I also have been inspired over the last few years by various great presentations and libraries, two being Dmitry's proof-of-concept library to have buffers that automatically move/fill when more data is needed, and Andrei's std.allocator library. They have changed drastically the way I have approached this challenge.

Therefore, I now have a new dub-based repository available for playing with: https://github.com/schveiguy/iopipe. First, the candy:

- This is a piping library. It allows one to hook buffered i/o through various processors/transformers much like unix pipes or range functions/algorithms. However, unlike unix pipes, this library attempts to make as few copies as possible of the data.

example:

foreach(line; (new IODevice(0)).bufferedInput
    .asText!(UTFType.UTF8)
    .byLine
    .asInputRange)
   // handle line

- It can handle 5 forms of UTF encoding - UTF8, UTF16, UTF16LE, UTF32, UTF32LE (phobos only partially handles UTF8). Sorry, no grapheme support or other utf-related things, but this of course can be added later.
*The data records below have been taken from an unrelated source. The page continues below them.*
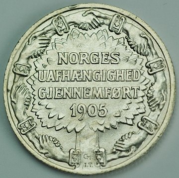Norsk 2 kr, præget i anledning af Norges uafhængighed 1905.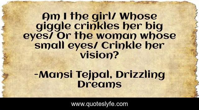 "Mansi Tejpal, Drizzling Dreams Quotes." Quoteslyfe.com, 2025. Mon. 08 Dec. 2025. <https://www.quoteslyfe.com/quote/Am-I-the-girl-Whose-giggle-crinkles-249649>.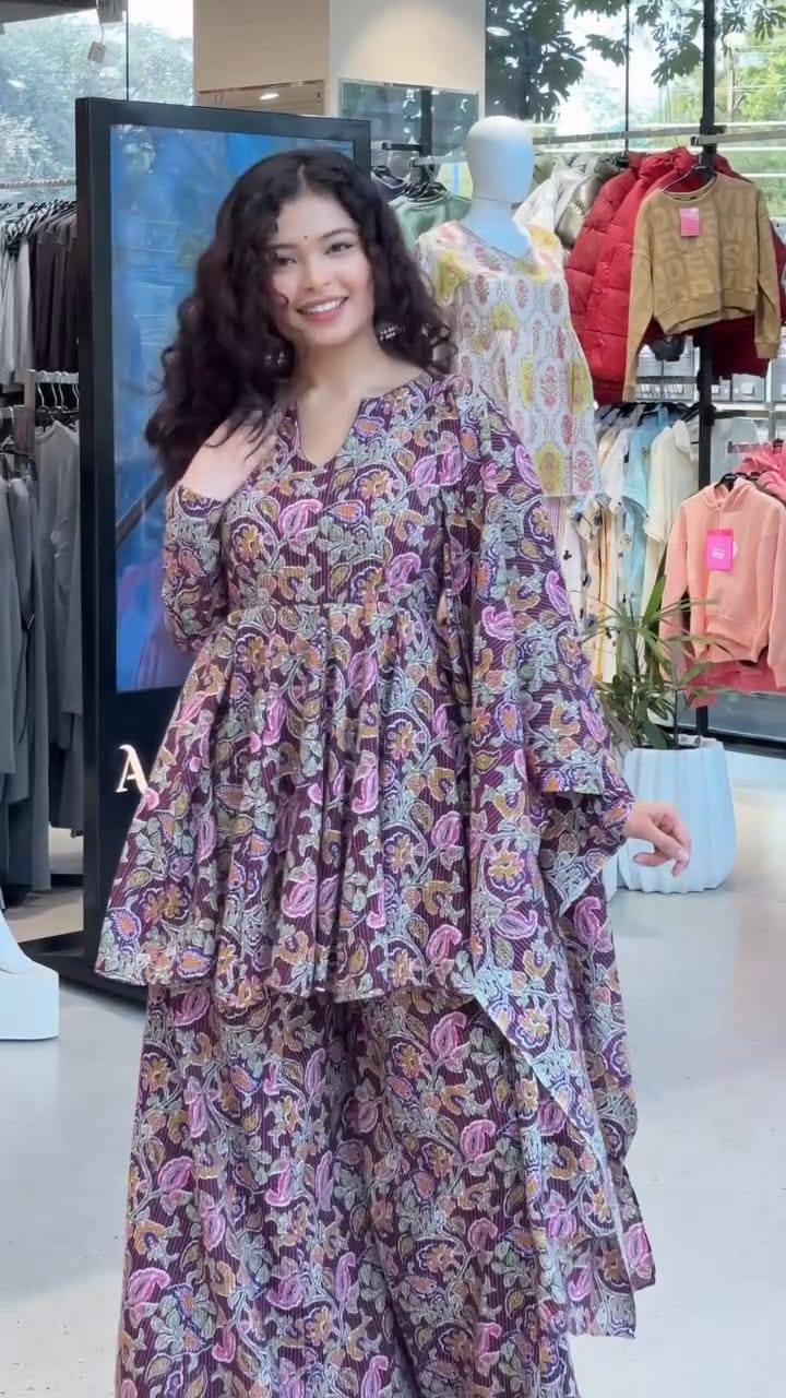 Home Heavenly Aura Kurta plazo set 𝐍𝐞𝐰 𝐂𝐨𝐭𝐭𝐨𝐧 𝐏𝐥𝐚𝐳𝐮 𝐬𝐞𝐭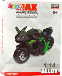 Fedezd fel az építés örömét a stílusos DIY motorkerékpár modellel 1:14 méretarányban. A fém és minőségi műanyag alkatrészek masszív és tartós szerkezetet biztosítanak, míg a feltűnő zöld–kék kombináció sportos megjelenést kölcsönöz a kész modellnek. Összeszerelés után a motor remek játékra és szobadísznek egyaránt.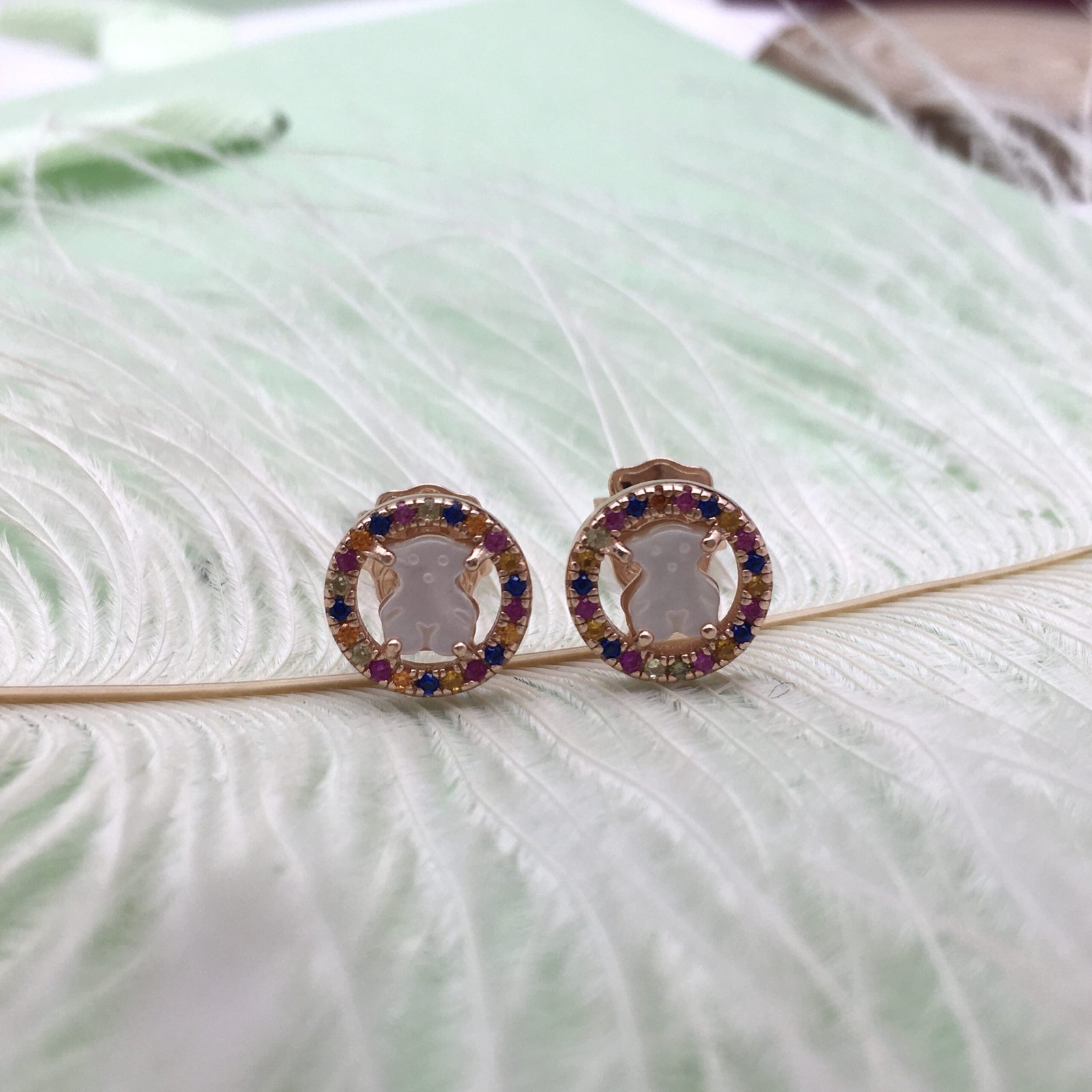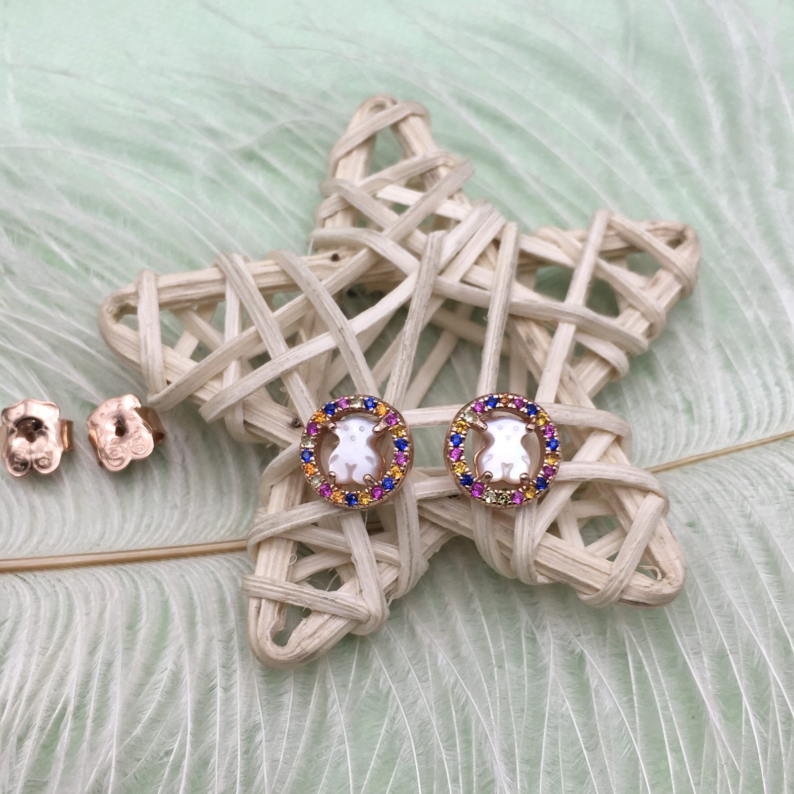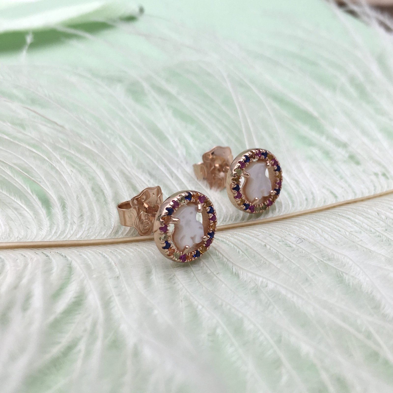Rose Vermeil Silver Camille Earrings with Mother-of-Pearl and multicolored Sapphire

- Arrays are first-class ioPipe types. This works:

foreach(line; "one\ntwo\nthree\nfour\n".byLine.asInputRange)

- Everything is compile-time for the most part, and uses lots of introspection. The intent is to give the compiler full gamut of optimization capabilities.

- I added rudimentary compression/decompression support using etc.c.zlib. Using compression is done like so:

foreach(line; (new IODevice(0)).bufferedInput
    .unzip
    .asText!(UTFType.UTF8)
    .byLine
    .asInputRange)

- The plan is for this to be a basis to make super-fast and modular parsing libraries. I plan to write a JSON one as a proof of concept. So all you have to do is add a parseJSON function to the end of any chain, as long as the the input is some pipe of text data (including a string literal).


=================

I will stress some very very important things:

1. This library is FAR from finished. Even the concepts probably need some tweaking. But I'm very happy with the current API/usage.

2. Docs are very thin. Unit tests are sparse (but do pass).

3. The focus of this library is NOT replacement of std.stream, or even low-level i/o in general. In fact, I have copied over my stream class from previous attempts at this i/o rewrite ONLY as a mechanism to have something that can read/write from file descriptors with the right API (located in iopipe/stream.d). I admit to never having looked at std.stream really, so I have no idea how it would compare.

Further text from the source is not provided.